Some of the best campgrounds out there even go so far as to have activity directors and planned activities for kids and adults. If your family enjoys things like hayrides, field games, movie nights, crafts, and parties, you might appreciate a campground with planned activities.
Find Other Families
Another thing to consider when looking for the best campgrounds for your family? Whether or not other full time RVing families frequent the campground. Sure, you can make friends with people of all ages that you happen to meet, and sometimes that’s the only option. However, it’s sometimes nice to be able to connect with like-minded individuals whose kids are of a similar age to your own.
Not sure where other families are? Try posting in the location-specific Fulltime Families groups. You’ll likely also have luck staying in Thousand Trails parks, as a huge number of full time traveling families use this network of parks.

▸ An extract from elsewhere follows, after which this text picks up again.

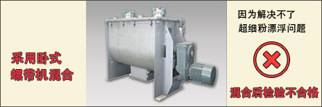混合一個小時,混合結果檢驗不均勻。分析原因:臥式螺帶混合機屬于運動槳葉強制剪切型混合機,混合過程中超細粉、微粉被運動槳葉攪拌時,因粒徑太小太輕極易漂浮在料桶中的物料上方,使混合均勻的問題難以達到。

Of course, you’ll also have to keep cost in mind. Most of us full time traveling families are on a pretty tight budget, and paying $50–$100 a night in camping fees simply isn’t feasible. For this reason, cost is the factor that many people consider first when finding the best campgrounds for them.

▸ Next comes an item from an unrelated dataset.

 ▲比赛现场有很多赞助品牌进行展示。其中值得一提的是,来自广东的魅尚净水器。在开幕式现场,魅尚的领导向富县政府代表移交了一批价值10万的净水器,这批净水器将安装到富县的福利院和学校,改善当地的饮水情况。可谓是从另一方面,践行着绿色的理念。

Not sure how to find campgrounds that meet your needs but also fit within your budget? The aforementioned Thousand Trails network is a great way to access lower camping fees. You can also choose to stay in state parks to save money and stay in the middle of nature.
Lastly, many families enjoy boondocking with no amenities at all. This is a great way to save money, but you do need to be properly prepared.
Use Your Memberships
Another way to narrow down campground options? Look at the campgrounds that are included with any camping memberships you might have. For instance, if you want to visit a national park and there is a membership park that will allow you to stay for free a mere 30 minutes away, it likely makes the most sense to stay in the membership park.
Once you have an idea of where you’d like to be, take a look at the campground maps for each membership you have (as well as any you might be willing to join) to see if there’s a campsite that might work for you.
Note: If you see a spot that could work but you’d have to pay for a membership to use it, make sure you will use the membership again OR that the cost savings for one stay cancel out the membership purchase.
Look at Locations
A problem many people run into? The best campgrounds that fit within their budget are also far away from all attractions and activities. If you come across this problem, you need to ask yourself a few questions:
- How far are you willing to drive for sightseeing and errands?
- How often will you go sightseeing and running errands?
- How much will fuel cost for trips to and from the nearest city?
- Does the cost of fuel outweigh the campground cost savings?
It’s up to you to decide whether saving the money on camping fees and driving into the city for fun and errands is worthwhile.
There you have it, everything you’ll want to consider when finding the best campgrounds for your travels. As long as you consider these factors as you choose your campsites, you can rest easy knowing you’ll almost certainly be happy with your choices.